The present invention relates in general to preoperative medical procedures, and in particular to a system and method for minimizing wound complications during surgery.

Dramatic weight loss has many benefits. But after any substantial amount of weight loss due to weight loss surgery and/or lifestyle changes, the skin and tissues often lack the elasticity to conform to the reduced body size. Surgical body contouring following major weight loss, pregnancy, or because of the normal ageing process, removes excess sagging skin and fat while restoring or improving the shape of the body. The result is a better-proportioned appearance, smoother contours, and often improved functionality. As a result, the demand for body contouring surgery continues to rise.

One increasingly popular procedure that enhances the functional and aesthetic outcomes in this population is that of abdominoplasty. According to the American Society of Plastic Surgeons, the number of abdominoplasties has risen 107 percent since 2000, up to 130,081 procedures in the United States in 2018. Other body contouring procedures such as brachioplasty and thighplasty have likewise increased in the United States and worldwide in a similar fashion. Although popularity of plastic surgery is on the rise, wound complications reported as high as 51.8 percent in bariatric patients have plagued these procedures.

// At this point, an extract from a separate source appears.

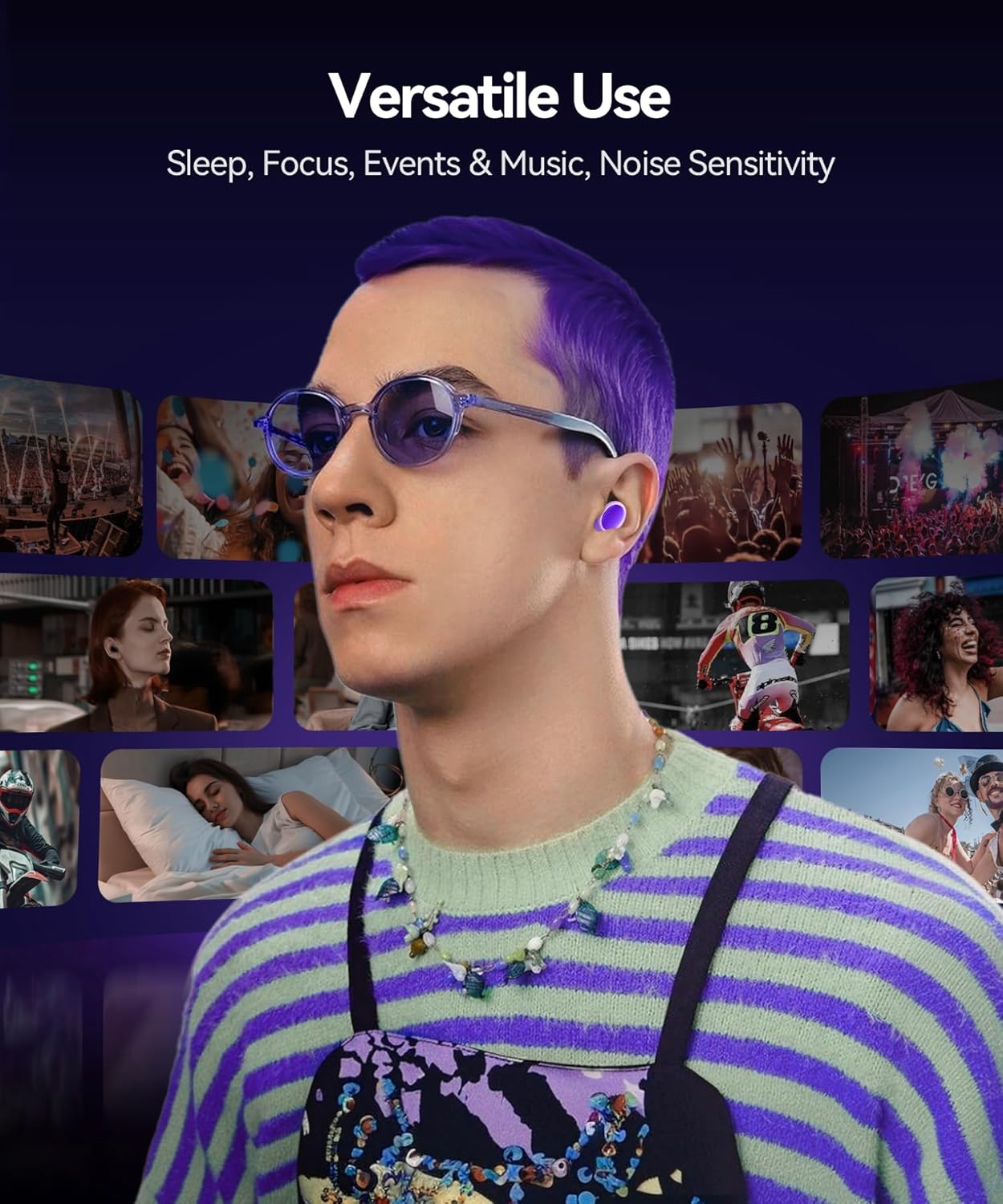 - 45dB Superior Noise Reduction: Ear plugs use advanced acoustic filters to block disruptive noise (as snoring or talk) for deep sleep, while maintaining clear sound during concerts or holiday events by reducing noise without distortion. Ear plugs for sleeping feature a multi-layer sound insulation design,combining high-density and sound insulation technology to provide 45dB hearing protection, ensuring safety without affecting sound quality. Earplugs are perfect for side sleepers & concert fans

With these procedures in high demand, there is a need to address the high percentage of wound complications associated with these procedures. It is an object of this invention to minimize wound complications by identifying the Mean Gray Value (MGV) of tissue at the surgical site to determine if certain tension reducing procedures should be recommended prior to surgery. In addition, the system and method for determining MGV herein can be applied more broadly to benefit patients with potential wound complications. For example, while wound closure technology has improved, such devices (e.g. negative-pressure vacuum device) are burdensome, cumbersome, and very expensive. The disclosed invention could be utilized to vet ideal candidates who would benefit from these devices for procedures where postural or position changes for reducing tension at the wound site are not available.

In a first embodiment, a system and method for predicting wound complications is disclosed. The system includes (i) ultrasound imaging technology operable to take an ultrasound of a portion of subcutaneous tissue on a patient, (ii) image processing and filtering technology operable to focus on a portion of the tissue and filter out the overlying dermis, underlying muscle, and muscle fascia, and (iii) processing means capable of determining the Mean Gray Value (MGV) from the imaged sample. Based on the MGV value, a reliable prediction of wound complications can be provided to the patient as well as recommendations for tension-reducing procedures to minimize foreseeable wound complications. Such procedures involve skin excision and advancement, while ensuring appropriate and consistent patient positioning and avoidance of wound tension and skin pleating in at-risk patients. Alternatively, if posture and position adjustments are not available to reduce tension, the MGV value may be utilized to make a recommendation for a suitable wound closure device, including a negative-pressure vacuum device (e.g. negative pressure wound therapy device manufactured by PICO, Prevena, KCI Wound VAC, Renasys, and Solventum).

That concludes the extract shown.